The real estate supercycle, which has persisted from 1867 to 2024, is nearing its peak. This conclusion is supported by the recent implementation of various measures designed to accelerate demand. However, a deeper analysis reveals underlying trends that may lead to a shift in the market dynamics. The reality is that a slowing net demand for new buyers entering real estate and an exponential increase in mortality rates in Canada will likely bring an ample supply of homes. This scenario echoes lessons from Japan’s secular fall in home prices between 1989 and 2006.


Historical Context: Understanding the Supercycle


The real estate supercycle refers to extended periods of rising property values punctuated by shorter correction phases. Numerous economic, political, and social events have shaped the real estate market since 1867. Each era has brought about significant transformations in urban development, infrastructure, and population growth from the Industrial Revolution to the digital age.


Key Drivers of the Current Market


In recent years, a combination of factors has accelerated the demand for real estate, pushing the market toward its potential peak:


1. Economic Policies and Interest Rates: Central banks worldwide have implemented policies to maintain low interest rates, making borrowing cheaper and more accessible. This has encouraged more individuals and investors to enter the real estate market.


2. Government Incentives: Various governments have introduced tax incentives, subsidies, and grants to promote homeownership and stimulate real estate investment. These measures have further fueled demand, especially in residential sectors.


3. Urbanization and Population Growth: Rapid urbanization and population growth have intensified the need for housing, commercial spaces, and infrastructure. Major cities worldwide have seen a surge in real estate development to accommodate this influx.


4. Technological Advancements: Innovations in construction technology, smart home systems, and real estate platforms have streamlined the buying, selling, and managing of properties.

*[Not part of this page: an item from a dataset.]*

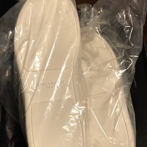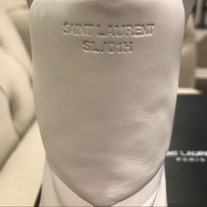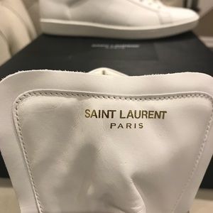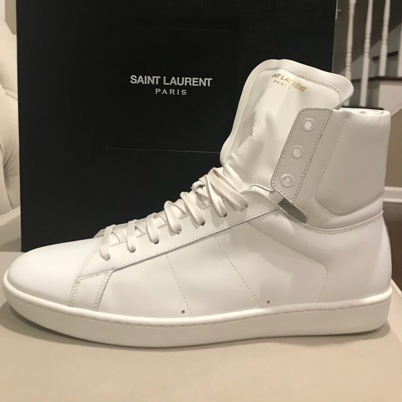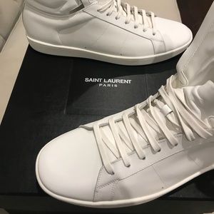 You are viewing a pair of brand new men’s Saint Laurent sneakers. They are 100% authentic all white leather high top sneakers. They have a high tongue with the Saint Laurent logo in gold. They are a size 45 European equivalent to a size 11 US. They come with a dust bag and original box.

This has made real estate investment more attractive and efficient.


5. Global Investment Trends: The globalization of real estate markets has led to increased foreign investment. Investors seeking stable and lucrative opportunities have turned to real estate in major urban centers, driving property values.


Indicators of a Market Shift


While the demand continues to rise, several indicators suggest that the market is approaching its peak and might experience a shift:


Slowing New Demand: The influx of new buyers entering the real estate market is decelerating. Factors such as affordability issues, changes in lifestyle preferences, and economic uncertainty contribute to this slowdown.


Increased Mortality Rates: In Canada, an exponential increase in mortality rates is anticipated, leading to a higher number of homes becoming available. This demographic shift will significantly impact the supply side of the market.


Market Saturation: In many regions and preeminent cities, real estate supply is beginning to meet or exceed demand. This saturation can lead to a stabilization or decline in property prices.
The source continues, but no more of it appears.